Task brief: Pictures are to be left out, and only the lines from the one containing "Звездные Качели бесшумно" through the last line of the data are to be returned exactly.

Collected material:
>>>>

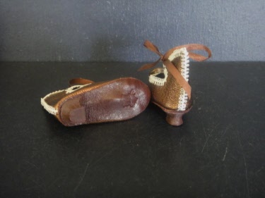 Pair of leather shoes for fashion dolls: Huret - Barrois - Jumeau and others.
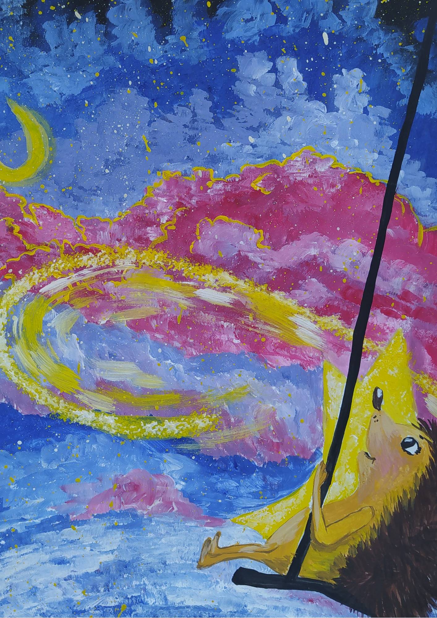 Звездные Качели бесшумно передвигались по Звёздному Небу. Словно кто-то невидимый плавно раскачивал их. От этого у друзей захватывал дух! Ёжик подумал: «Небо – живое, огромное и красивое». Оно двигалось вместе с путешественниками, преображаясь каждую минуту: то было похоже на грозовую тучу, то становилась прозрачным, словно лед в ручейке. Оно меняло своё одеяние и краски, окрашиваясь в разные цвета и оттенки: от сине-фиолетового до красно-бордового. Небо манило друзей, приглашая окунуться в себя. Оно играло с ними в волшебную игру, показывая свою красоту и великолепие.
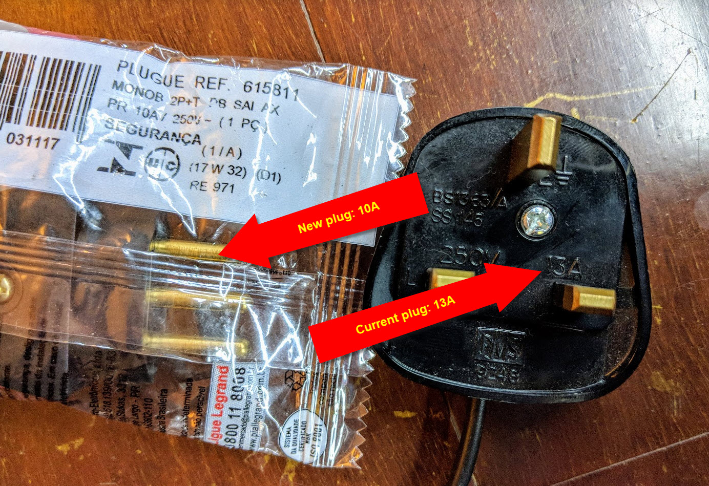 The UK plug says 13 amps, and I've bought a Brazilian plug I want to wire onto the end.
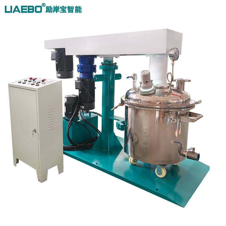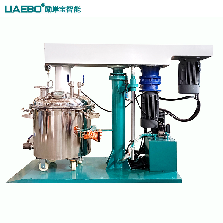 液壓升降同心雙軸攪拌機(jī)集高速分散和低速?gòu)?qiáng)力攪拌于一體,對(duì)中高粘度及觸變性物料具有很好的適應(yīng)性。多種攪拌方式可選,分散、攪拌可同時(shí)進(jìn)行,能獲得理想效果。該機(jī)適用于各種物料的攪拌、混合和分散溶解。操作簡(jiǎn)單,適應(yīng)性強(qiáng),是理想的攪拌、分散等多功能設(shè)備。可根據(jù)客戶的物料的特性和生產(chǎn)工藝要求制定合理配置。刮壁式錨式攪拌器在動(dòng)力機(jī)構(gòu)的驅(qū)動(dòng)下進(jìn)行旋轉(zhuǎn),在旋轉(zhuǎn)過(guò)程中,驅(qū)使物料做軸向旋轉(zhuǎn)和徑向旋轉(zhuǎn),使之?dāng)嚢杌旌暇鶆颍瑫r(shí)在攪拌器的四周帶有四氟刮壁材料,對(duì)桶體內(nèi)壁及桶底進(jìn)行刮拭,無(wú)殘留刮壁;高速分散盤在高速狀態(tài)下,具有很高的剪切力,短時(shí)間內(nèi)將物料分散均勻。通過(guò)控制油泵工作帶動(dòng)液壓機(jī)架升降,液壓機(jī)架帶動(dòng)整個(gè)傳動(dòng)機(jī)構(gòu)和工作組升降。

<<<<

Answer section:
 Звездные Качели бесшумно передвигались по Звёздному Небу. Словно кто-то невидимый плавно раскачивал их. От этого у друзей захватывал дух! Ёжик подумал: «Небо – живое, огромное и красивое». Оно двигалось вместе с путешественниками, преображаясь каждую минуту: то было похоже на грозовую тучу, то становилась прозрачным, словно лед в ручейке. Оно меняло своё одеяние и краски, окрашиваясь в разные цвета и оттенки: от сине-фиолетового до красно-бордового. Небо манило друзей, приглашая окунуться в себя. Оно играло с ними в волшебную игру, показывая свою красоту и великолепие.
 The UK plug says 13 amps, and I've bought a Brazilian plug I want to wire onto the end.
 液壓升降同心雙軸攪拌機(jī)集高速分散和低速?gòu)?qiáng)力攪拌于一體,對(duì)中高粘度及觸變性物料具有很好的適應(yīng)性。多種攪拌方式可選,分散、攪拌可同時(shí)進(jìn)行,能獲得理想效果。該機(jī)適用于各種物料的攪拌、混合和分散溶解。操作簡(jiǎn)單,適應(yīng)性強(qiáng),是理想的攪拌、分散等多功能設(shè)備。可根據(jù)客戶的物料的特性和生產(chǎn)工藝要求制定合理配置。刮壁式錨式攪拌器在動(dòng)力機(jī)構(gòu)的驅(qū)動(dòng)下進(jìn)行旋轉(zhuǎn),在旋轉(zhuǎn)過(guò)程中,驅(qū)使物料做軸向旋轉(zhuǎn)和徑向旋轉(zhuǎn),使之?dāng)嚢杌旌暇鶆颍瑫r(shí)在攪拌器的四周帶有四氟刮壁材料,對(duì)桶體內(nèi)壁及桶底進(jìn)行刮拭,無(wú)殘留刮壁;高速分散盤在高速狀態(tài)下,具有很高的剪切力,短時(shí)間內(nèi)將物料分散均勻。通過(guò)控制油泵工作帶動(dòng)液壓機(jī)架升降,液壓機(jī)架帶動(dòng)整個(gè)傳動(dòng)機(jī)構(gòu)和工作組升降。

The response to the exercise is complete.